Regina Dal Cin (4 April 1819 – 15 August 1897) was an Italian osteopath, who practiced the recomposition of femoral dislocations. She is considered to be an expert in the reconstruction of the congenital and antiquated dislocations of the femur.

==Biography==
Born as Regina Marchesini on 4 April 1819 in San Vendemiano, in the province of Treviso, northern Italy, Regina Dal Cin was the daughter of Lorenzo Marchesini and his wife Adriana Zandonella, a skilled "bone-dresser". Regina never went to school and devoted much of her time to improving her bone-setting techniques, learned from her mother.
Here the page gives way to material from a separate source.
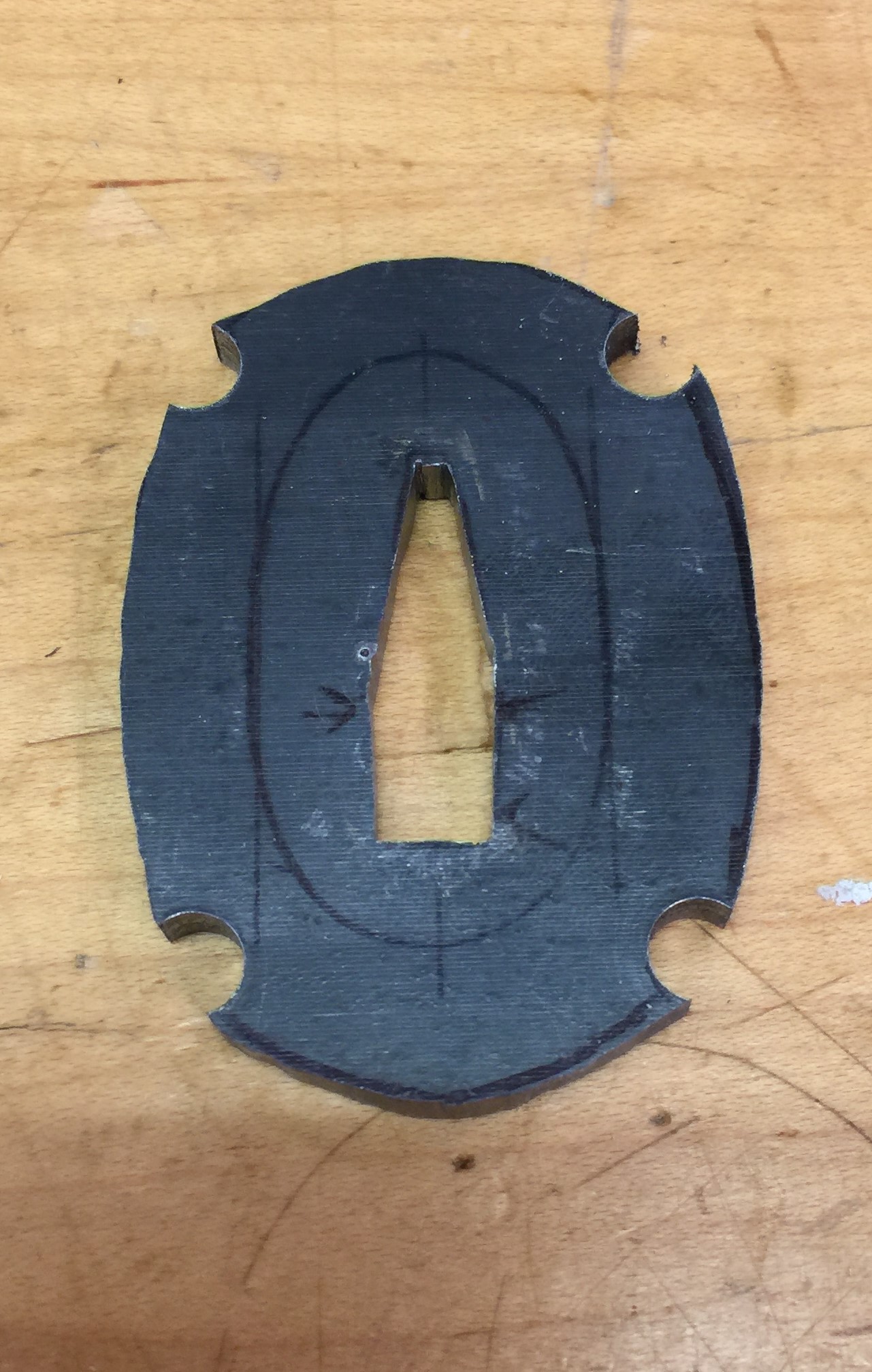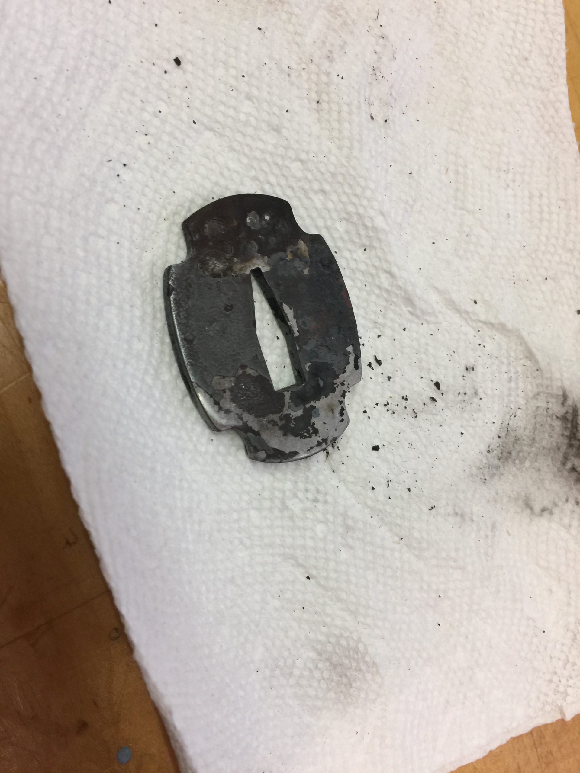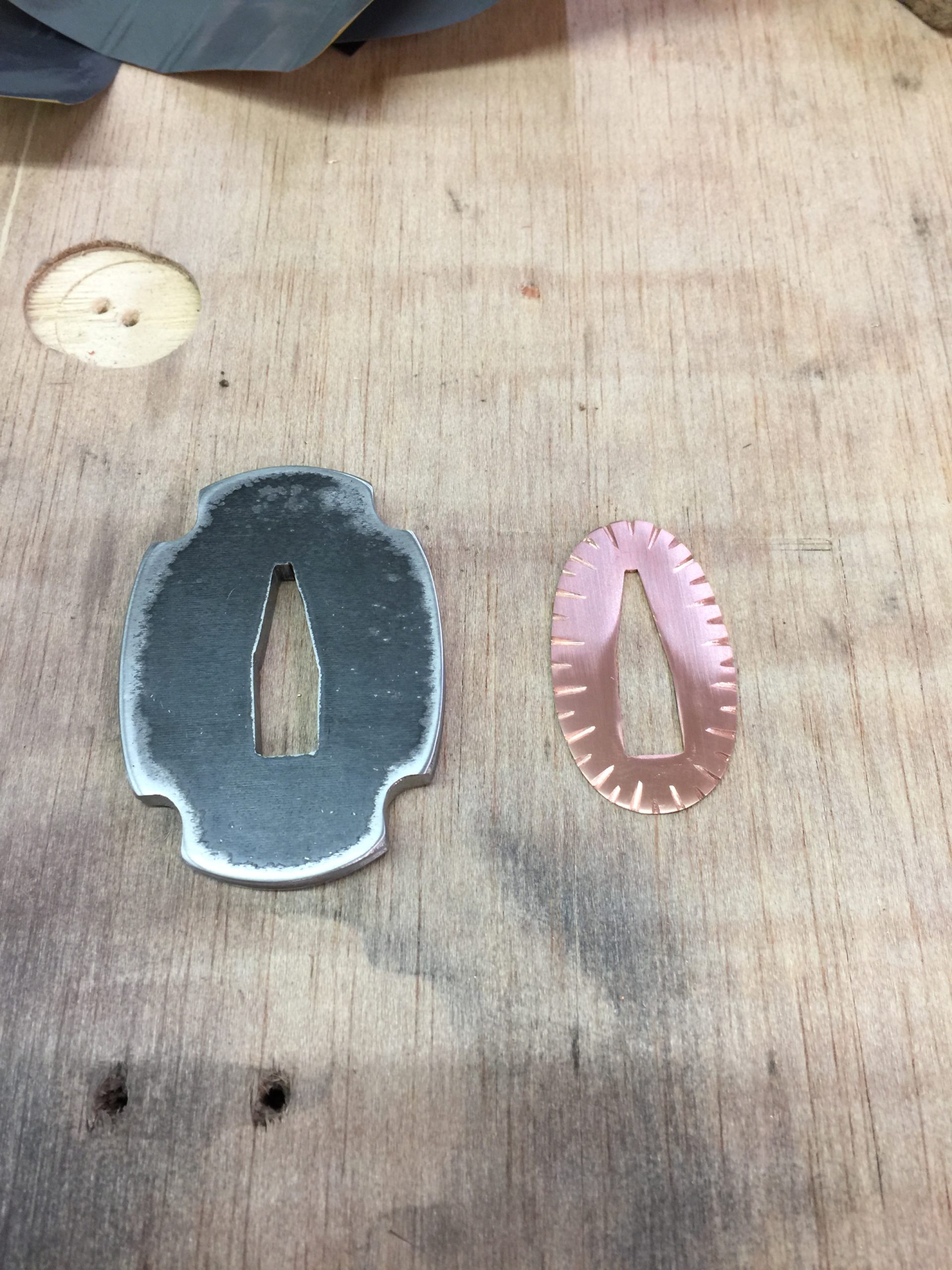 I decided on four corners and not six. The hole for the blade should be well fitted. Many historical tsuba had copper welded in there at the ends, as the soft metal provided a good fit that wouldn’t damage the blade if it rubbed a little. I’m not that studious, nor do I think my sword needs it.

At the age of 9, she started her career as a bone-setter by replacing her mother, who had broken her leg in a buggy accident.

At the invitation, she visited Venice, Vienna and Turin where she reconstructed the dislocated femurs, and treated even more serious cases at the local civic hospitals. Some of her bone-setting practices were witnessed by the illustrious surgeons at the time.

She faced four trials on the ground of not having the legal authorization to practice bone-setting, but she emerged victorious.

At the age of 18, she married Lorenzo Dal Cin. She was widowed early with a daughter.

A street in front of Palazzo Regina Dal Cin and a primary school were named after her by the municipality of Cappella Maggiore.

She died on 15 August 1897 in Cappella Maggiore.